What to work on
The task for the listing below is to write out exactly the lines starting at the one containing "Brand new 3" and ending at the one containing "Below is an", both included. Pictures are to be omitted.

----- Data for processing

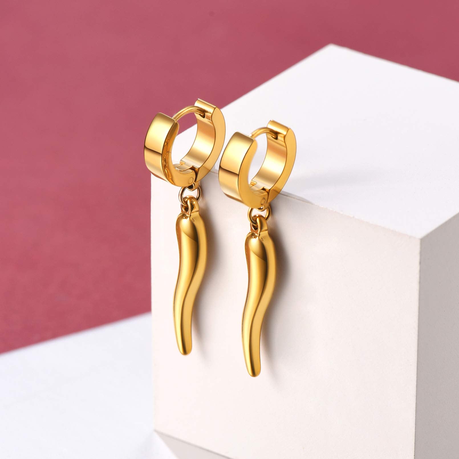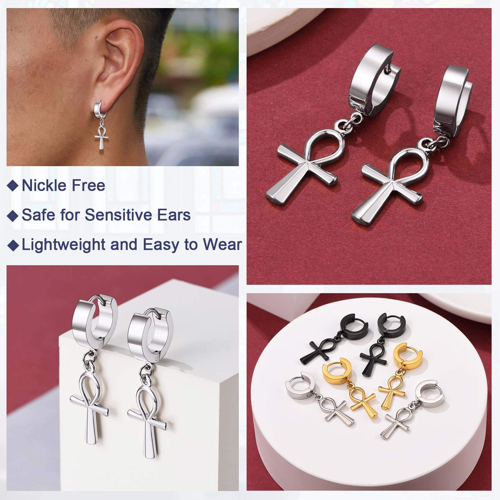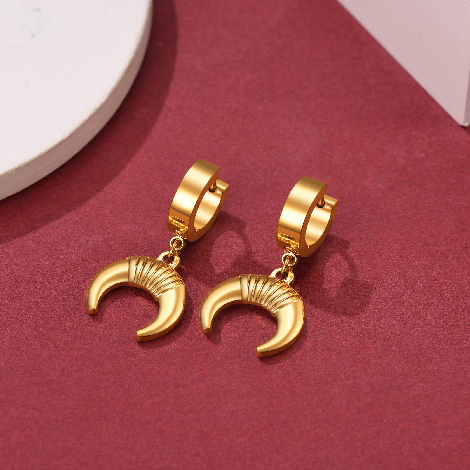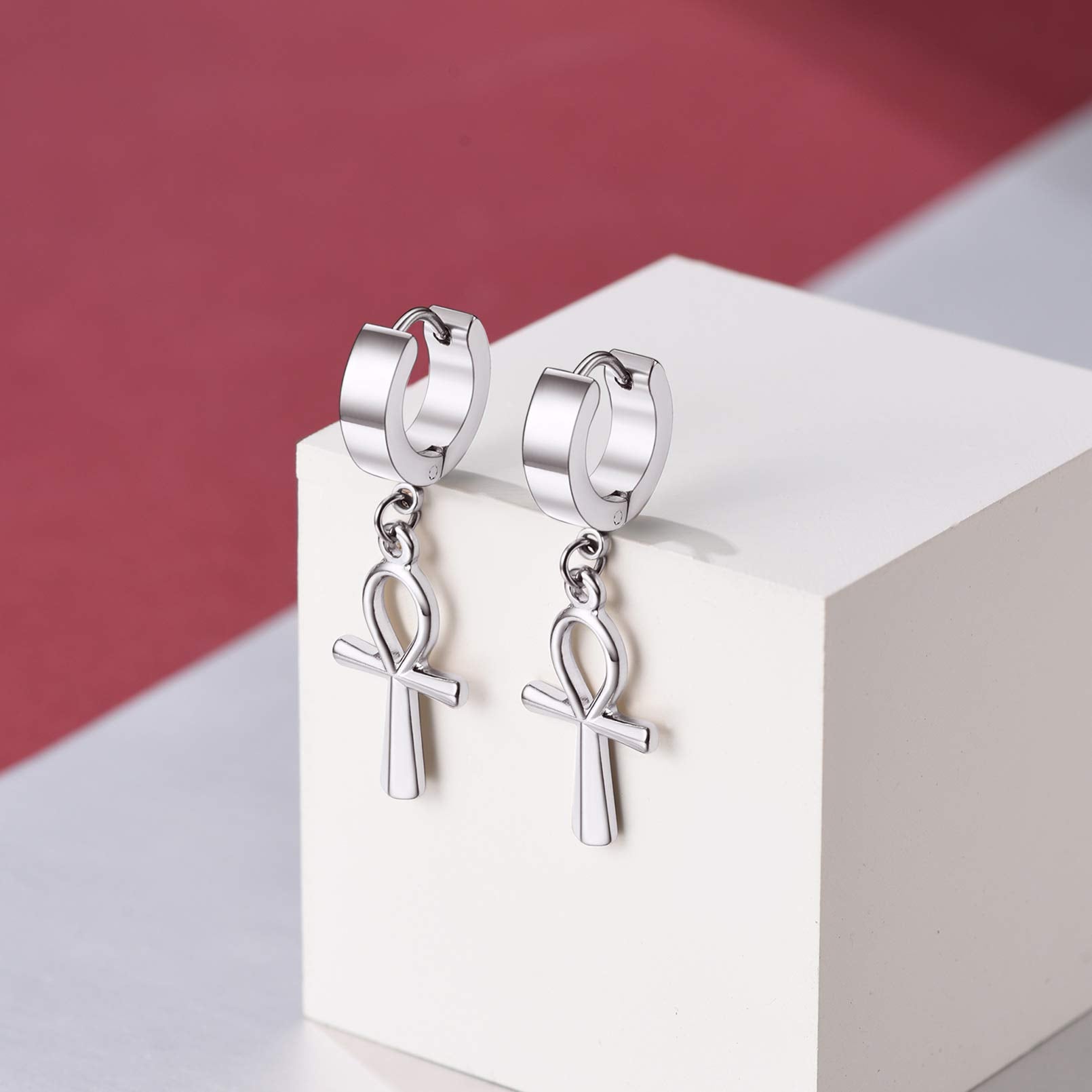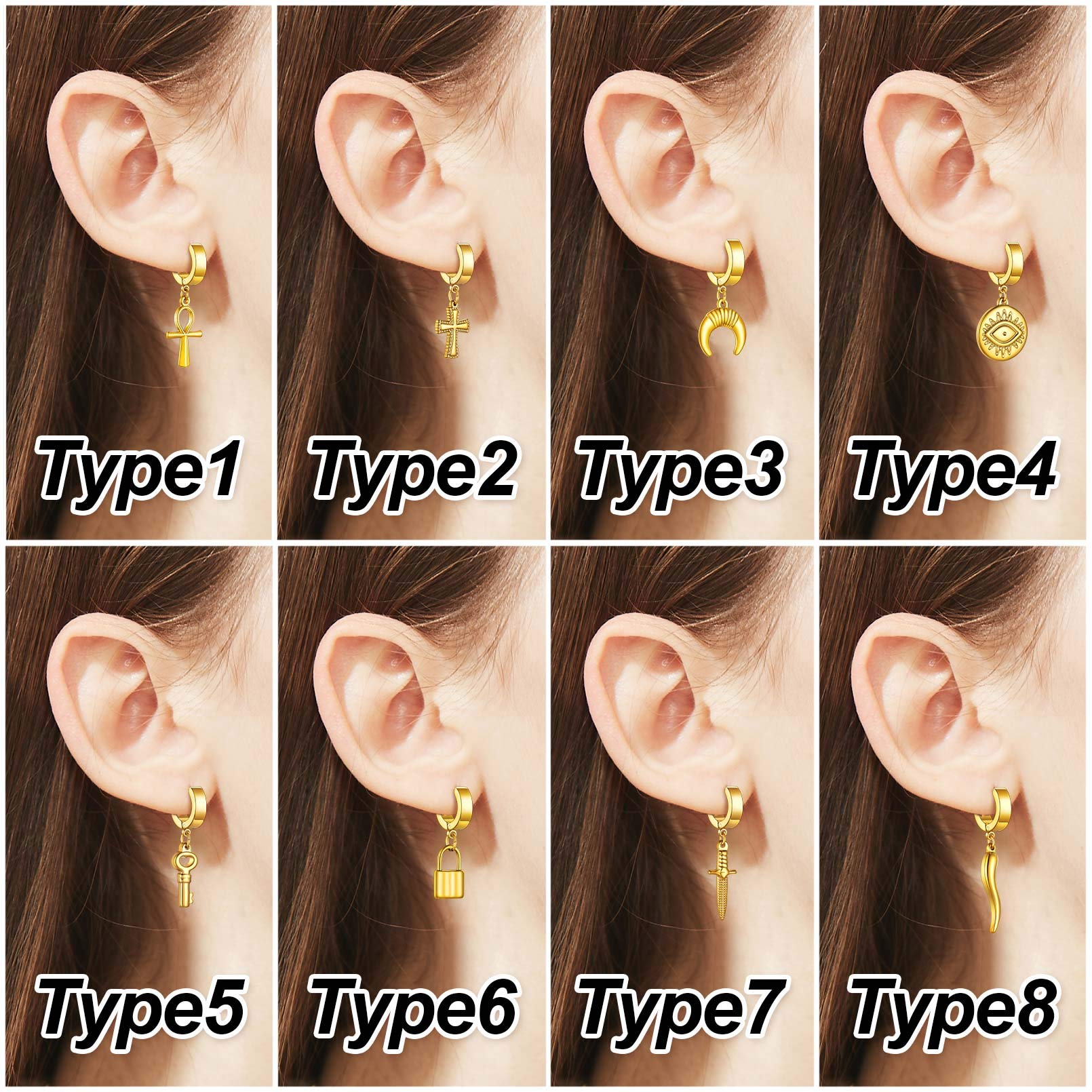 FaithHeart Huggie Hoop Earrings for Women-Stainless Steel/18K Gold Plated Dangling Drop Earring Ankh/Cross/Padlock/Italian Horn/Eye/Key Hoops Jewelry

----------
----- Data for processing

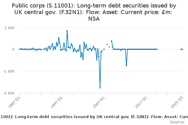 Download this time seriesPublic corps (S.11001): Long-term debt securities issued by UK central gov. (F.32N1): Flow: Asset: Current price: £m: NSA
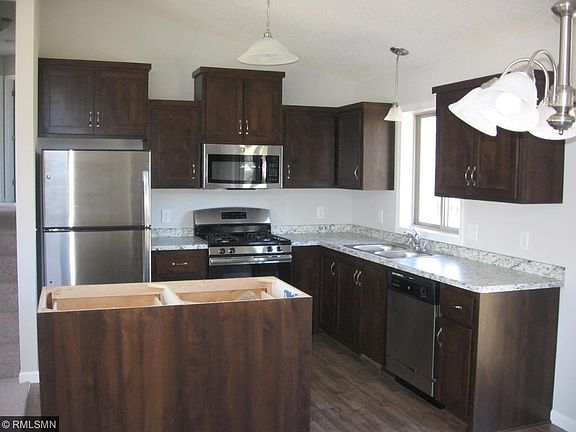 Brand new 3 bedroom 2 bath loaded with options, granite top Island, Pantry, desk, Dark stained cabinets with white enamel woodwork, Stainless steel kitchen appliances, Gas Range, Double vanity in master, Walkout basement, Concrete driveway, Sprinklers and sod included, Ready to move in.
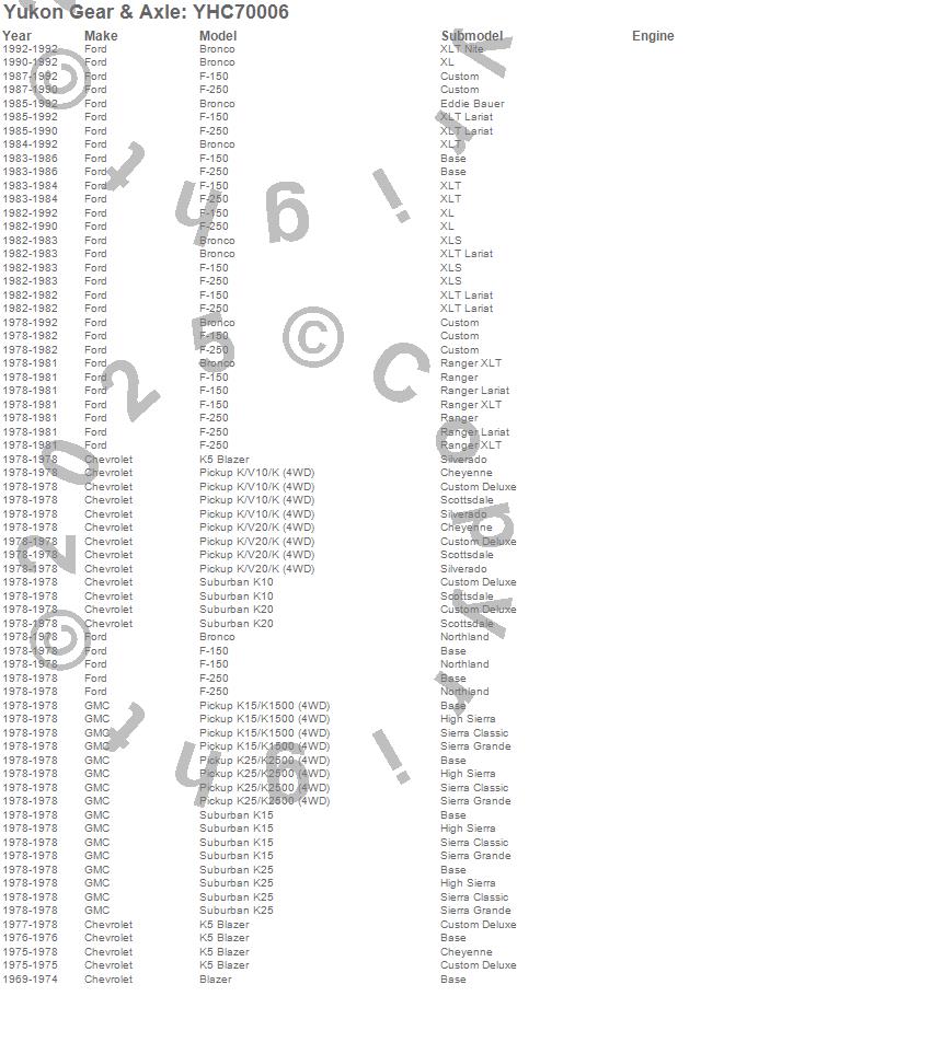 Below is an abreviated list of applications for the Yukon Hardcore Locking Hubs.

----------

Finished task
 Brand new 3 bedroom 2 bath loaded with options, granite top Island, Pantry, desk, Dark stained cabinets with white enamel woodwork, Stainless steel kitchen appliances, Gas Range, Double vanity in master, Walkout basement, Concrete driveway, Sprinklers and sod included, Ready to move in.
 Below is an abreviated list of applications for the Yukon Hardcore Locking Hubs.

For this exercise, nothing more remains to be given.